Shown below is a listing with pictures; reproduce exactly, and only, the lines between the ones containing "また、尾骨の際から直腸の近くへ針を入れていきます" and "紅曲色素是紅曲霉的次級代謝產", inclusive, leaving the pictures out.
[[ Stored data open ]]
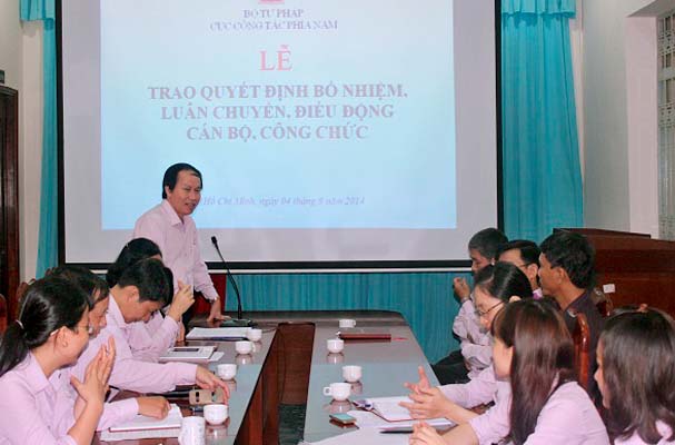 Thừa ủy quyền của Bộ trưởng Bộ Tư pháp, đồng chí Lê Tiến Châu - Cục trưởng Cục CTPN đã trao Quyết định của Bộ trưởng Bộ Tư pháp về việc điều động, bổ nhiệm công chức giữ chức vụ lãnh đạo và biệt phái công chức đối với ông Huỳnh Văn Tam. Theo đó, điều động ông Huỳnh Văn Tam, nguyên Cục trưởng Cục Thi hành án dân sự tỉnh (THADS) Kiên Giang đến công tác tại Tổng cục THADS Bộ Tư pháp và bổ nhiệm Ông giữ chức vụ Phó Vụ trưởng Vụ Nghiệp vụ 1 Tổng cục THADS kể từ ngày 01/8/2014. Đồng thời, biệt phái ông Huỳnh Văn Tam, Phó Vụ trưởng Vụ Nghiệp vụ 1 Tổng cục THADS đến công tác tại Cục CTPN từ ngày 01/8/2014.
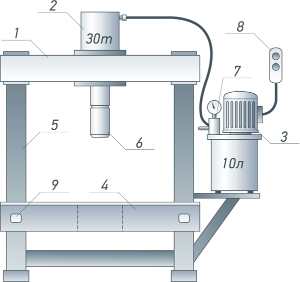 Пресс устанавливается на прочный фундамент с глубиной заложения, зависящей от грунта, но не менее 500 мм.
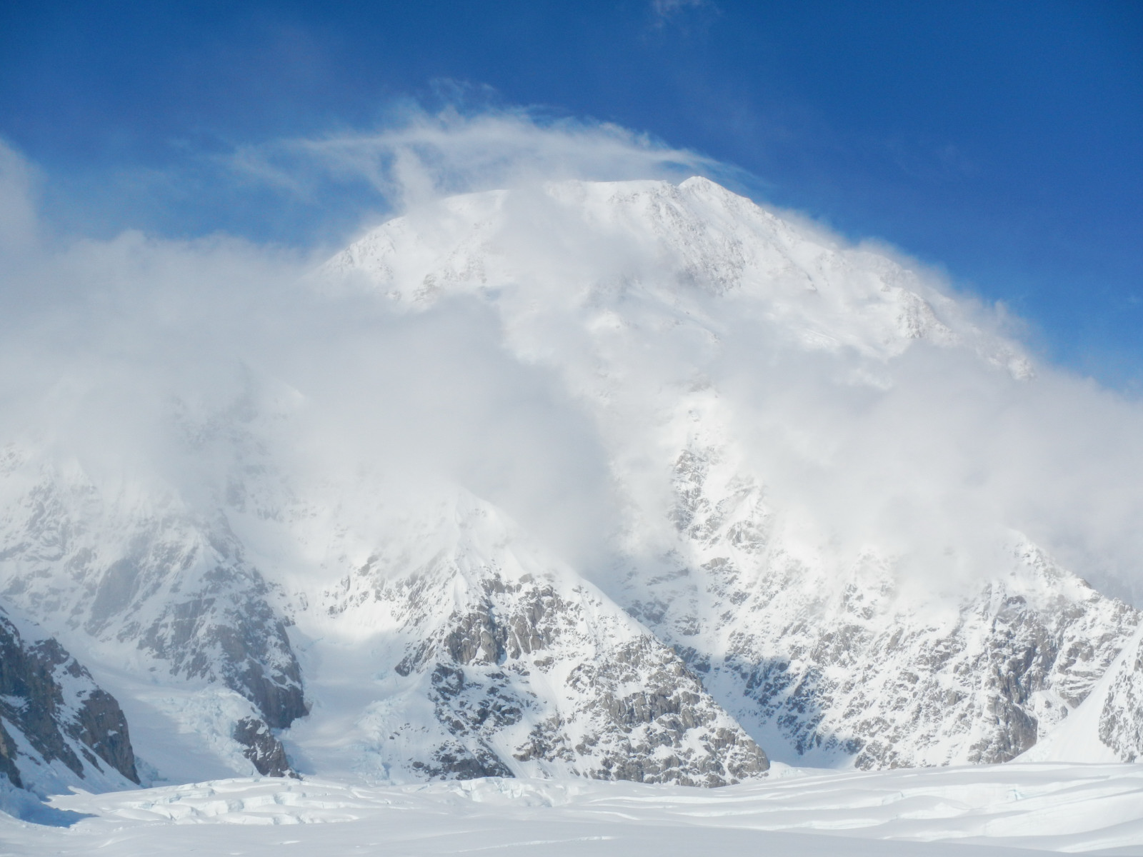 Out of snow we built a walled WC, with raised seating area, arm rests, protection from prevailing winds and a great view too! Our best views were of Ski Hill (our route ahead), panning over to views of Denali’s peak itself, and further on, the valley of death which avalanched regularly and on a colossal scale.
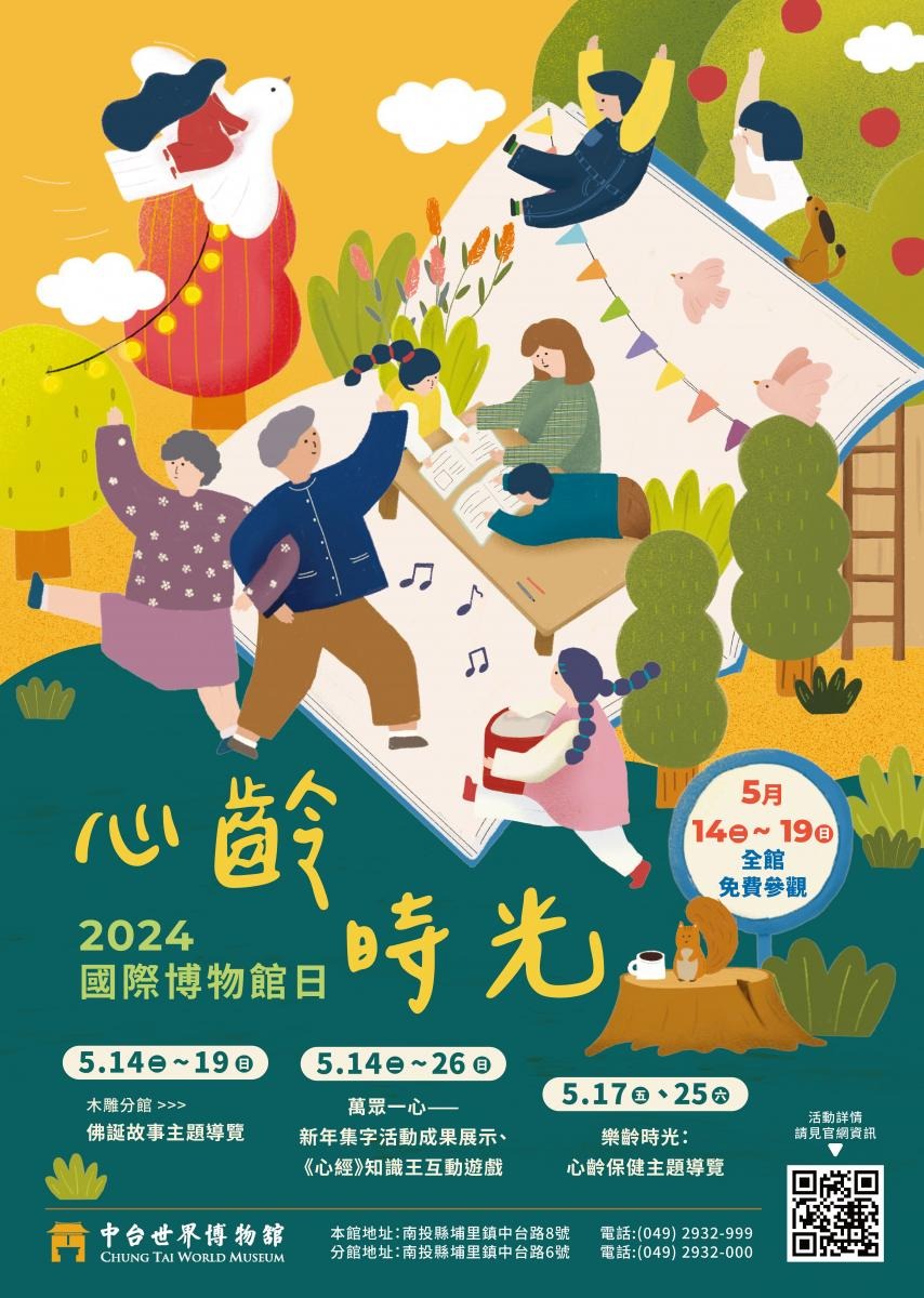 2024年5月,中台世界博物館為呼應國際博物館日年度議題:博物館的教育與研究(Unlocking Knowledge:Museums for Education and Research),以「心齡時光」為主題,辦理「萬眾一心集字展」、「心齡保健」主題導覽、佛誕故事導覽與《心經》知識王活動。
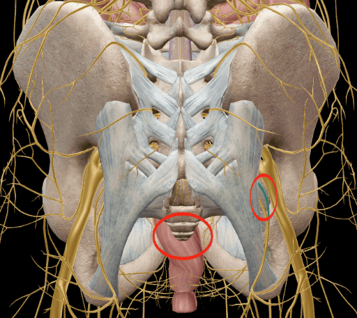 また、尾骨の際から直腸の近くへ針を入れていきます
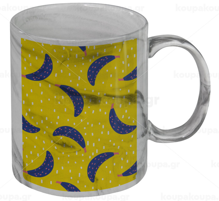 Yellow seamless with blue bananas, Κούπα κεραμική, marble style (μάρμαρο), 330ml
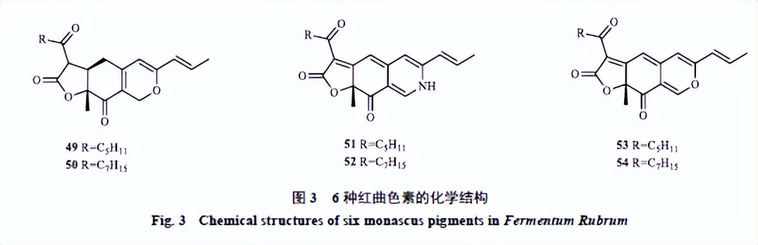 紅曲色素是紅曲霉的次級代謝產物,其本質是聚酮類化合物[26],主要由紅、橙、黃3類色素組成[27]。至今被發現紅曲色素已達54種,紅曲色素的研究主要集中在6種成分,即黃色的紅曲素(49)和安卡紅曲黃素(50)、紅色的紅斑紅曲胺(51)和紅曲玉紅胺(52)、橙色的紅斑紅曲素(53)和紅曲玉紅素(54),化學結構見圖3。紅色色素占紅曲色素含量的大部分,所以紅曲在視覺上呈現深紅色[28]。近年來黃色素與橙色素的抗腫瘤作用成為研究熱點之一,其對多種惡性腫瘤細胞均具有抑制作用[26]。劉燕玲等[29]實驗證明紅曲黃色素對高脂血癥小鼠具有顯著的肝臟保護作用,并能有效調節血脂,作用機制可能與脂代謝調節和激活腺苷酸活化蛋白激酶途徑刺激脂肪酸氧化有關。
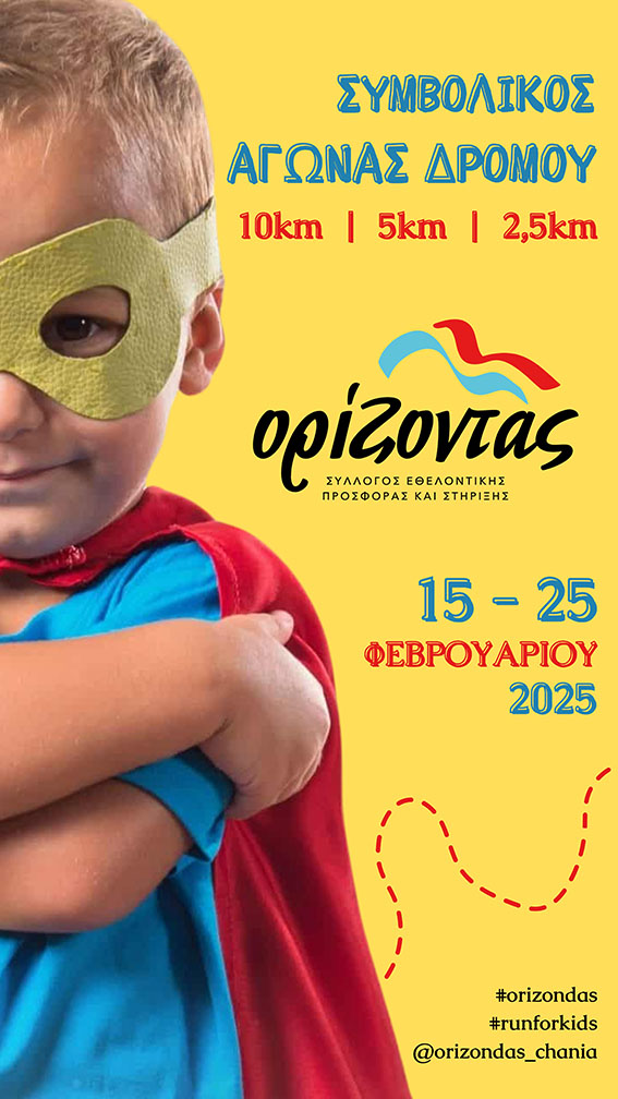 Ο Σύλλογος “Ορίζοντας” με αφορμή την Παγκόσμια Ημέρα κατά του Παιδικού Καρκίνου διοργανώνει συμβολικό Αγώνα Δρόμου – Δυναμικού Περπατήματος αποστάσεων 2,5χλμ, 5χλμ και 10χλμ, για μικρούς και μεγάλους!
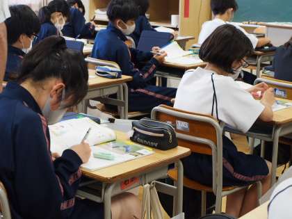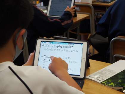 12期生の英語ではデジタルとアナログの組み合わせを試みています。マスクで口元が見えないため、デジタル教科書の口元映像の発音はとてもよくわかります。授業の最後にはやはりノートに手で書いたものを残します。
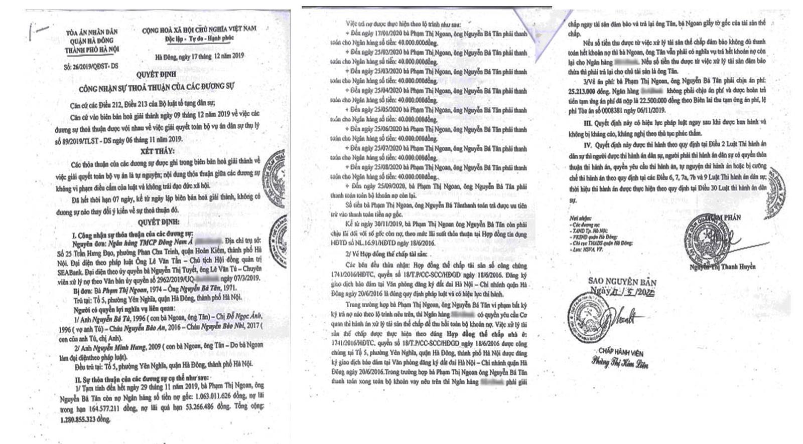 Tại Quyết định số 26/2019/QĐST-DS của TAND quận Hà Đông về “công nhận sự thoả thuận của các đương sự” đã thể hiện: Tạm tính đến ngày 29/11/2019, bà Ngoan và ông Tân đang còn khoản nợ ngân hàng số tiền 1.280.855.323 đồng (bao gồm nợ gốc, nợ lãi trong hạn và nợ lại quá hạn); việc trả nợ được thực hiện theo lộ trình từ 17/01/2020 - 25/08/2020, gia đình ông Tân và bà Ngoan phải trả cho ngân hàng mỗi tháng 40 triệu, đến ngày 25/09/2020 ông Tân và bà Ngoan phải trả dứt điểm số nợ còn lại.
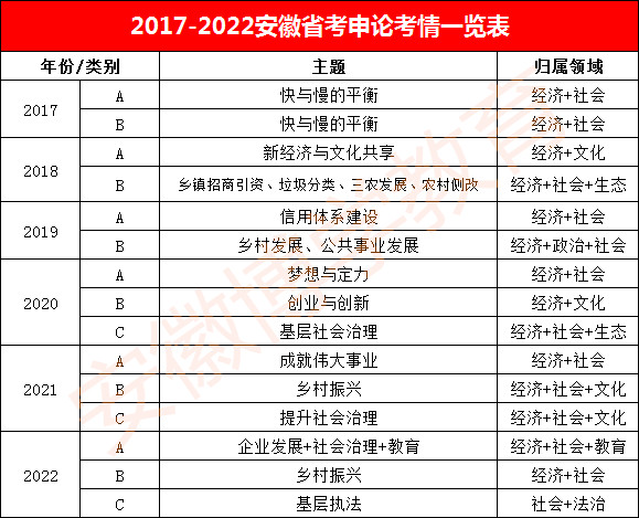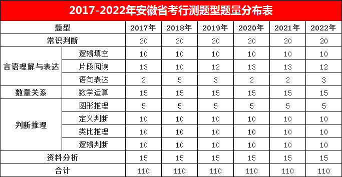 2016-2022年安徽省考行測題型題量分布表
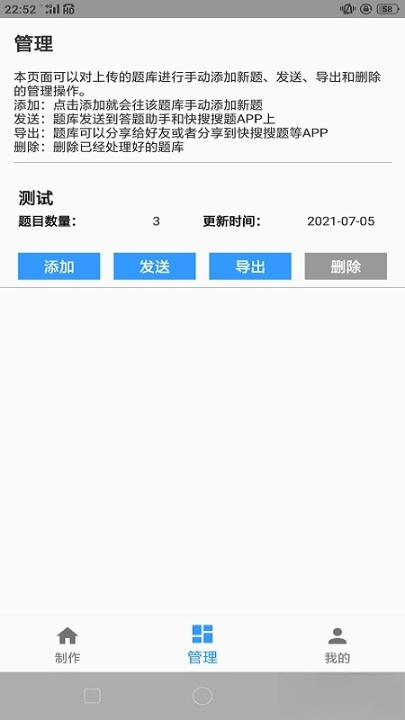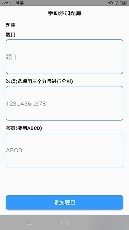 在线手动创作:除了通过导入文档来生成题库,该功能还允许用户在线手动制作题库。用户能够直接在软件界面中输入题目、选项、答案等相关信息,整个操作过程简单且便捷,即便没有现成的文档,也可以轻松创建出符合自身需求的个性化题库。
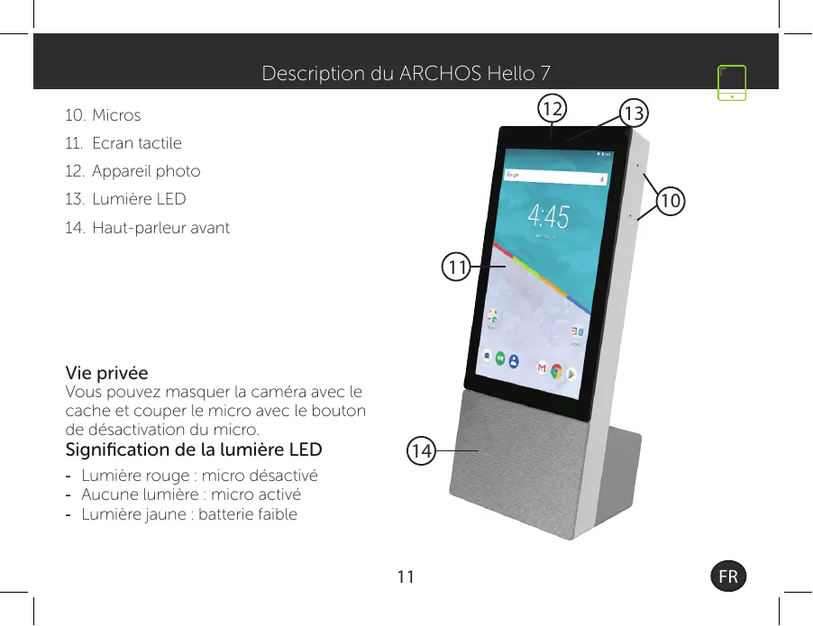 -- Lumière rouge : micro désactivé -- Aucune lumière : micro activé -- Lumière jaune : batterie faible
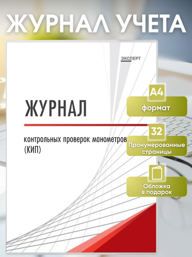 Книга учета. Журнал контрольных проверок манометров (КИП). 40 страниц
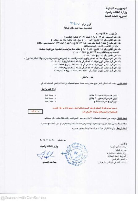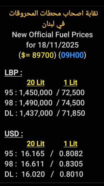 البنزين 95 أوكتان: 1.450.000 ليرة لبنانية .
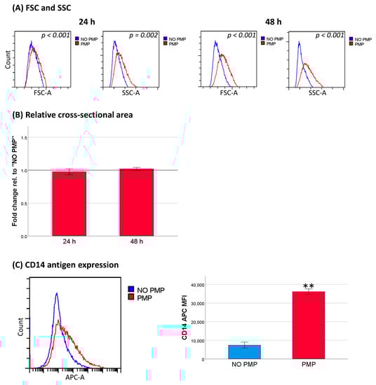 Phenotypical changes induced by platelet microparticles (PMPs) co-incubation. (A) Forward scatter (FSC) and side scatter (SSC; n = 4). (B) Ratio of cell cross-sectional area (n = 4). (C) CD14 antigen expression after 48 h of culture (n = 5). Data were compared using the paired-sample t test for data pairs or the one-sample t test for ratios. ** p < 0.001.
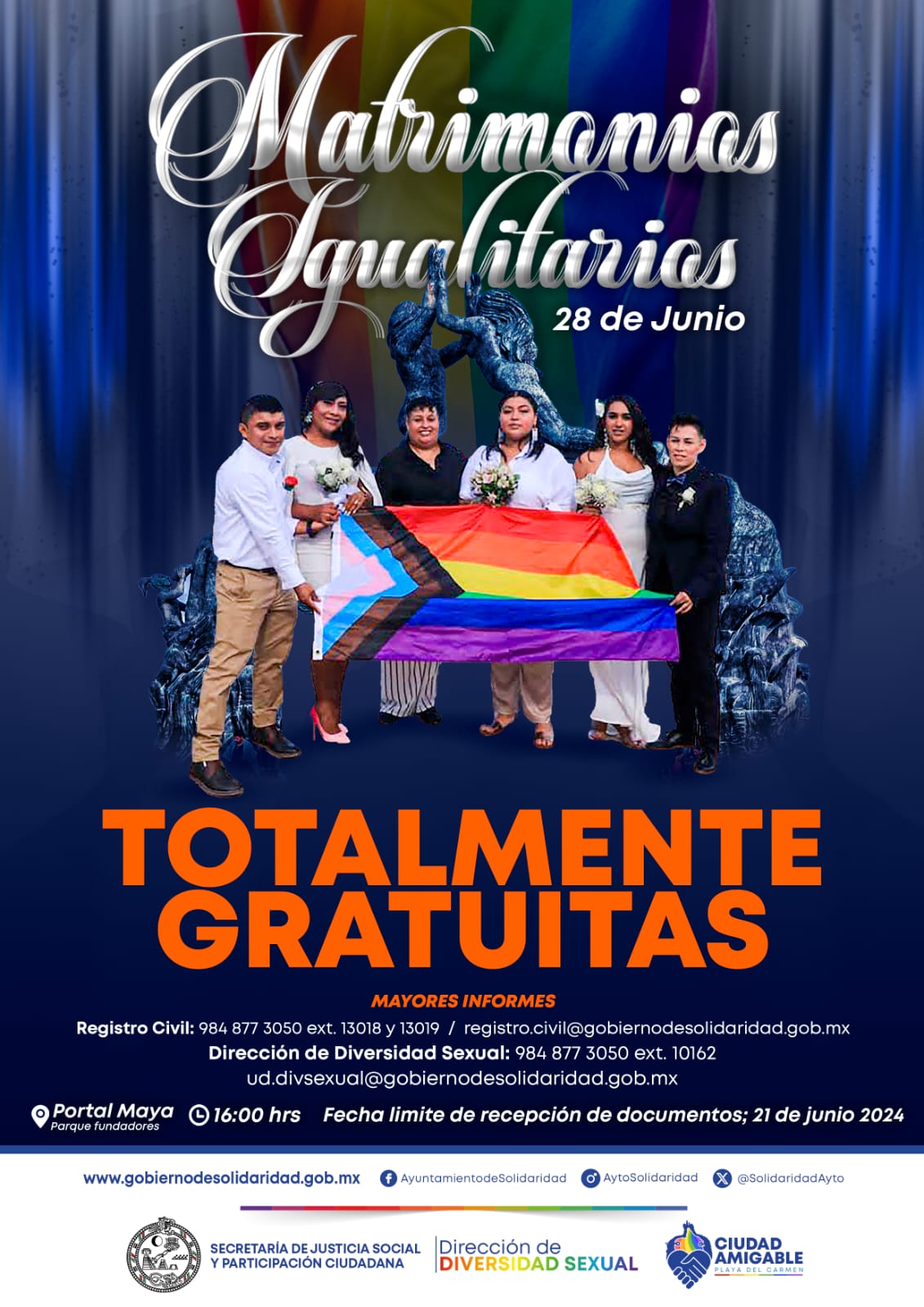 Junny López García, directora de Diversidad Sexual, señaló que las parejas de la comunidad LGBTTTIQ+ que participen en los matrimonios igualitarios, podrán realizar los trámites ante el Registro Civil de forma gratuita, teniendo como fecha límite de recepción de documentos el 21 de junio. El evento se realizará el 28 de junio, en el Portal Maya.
[[ Stored data closed ]]
_Answer to this task_
 また、尾骨の際から直腸の近くへ針を入れていきます
 Yellow seamless with blue bananas, Κούπα κεραμική, marble style (μάρμαρο), 330ml
 紅曲色素是紅曲霉的次級代謝產物,其本質是聚酮類化合物[26],主要由紅、橙、黃3類色素組成[27]。至今被發現紅曲色素已達54種,紅曲色素的研究主要集中在6種成分,即黃色的紅曲素(49)和安卡紅曲黃素(50)、紅色的紅斑紅曲胺(51)和紅曲玉紅胺(52)、橙色的紅斑紅曲素(53)和紅曲玉紅素(54),化學結構見圖3。紅色色素占紅曲色素含量的大部分,所以紅曲在視覺上呈現深紅色[28]。近年來黃色素與橙色素的抗腫瘤作用成為研究熱點之一,其對多種惡性腫瘤細胞均具有抑制作用[26]。劉燕玲等[29]實驗證明紅曲黃色素對高脂血癥小鼠具有顯著的肝臟保護作用,并能有效調節血脂,作用機制可能與脂代謝調節和激活腺苷酸活化蛋白激酶途徑刺激脂肪酸氧化有關。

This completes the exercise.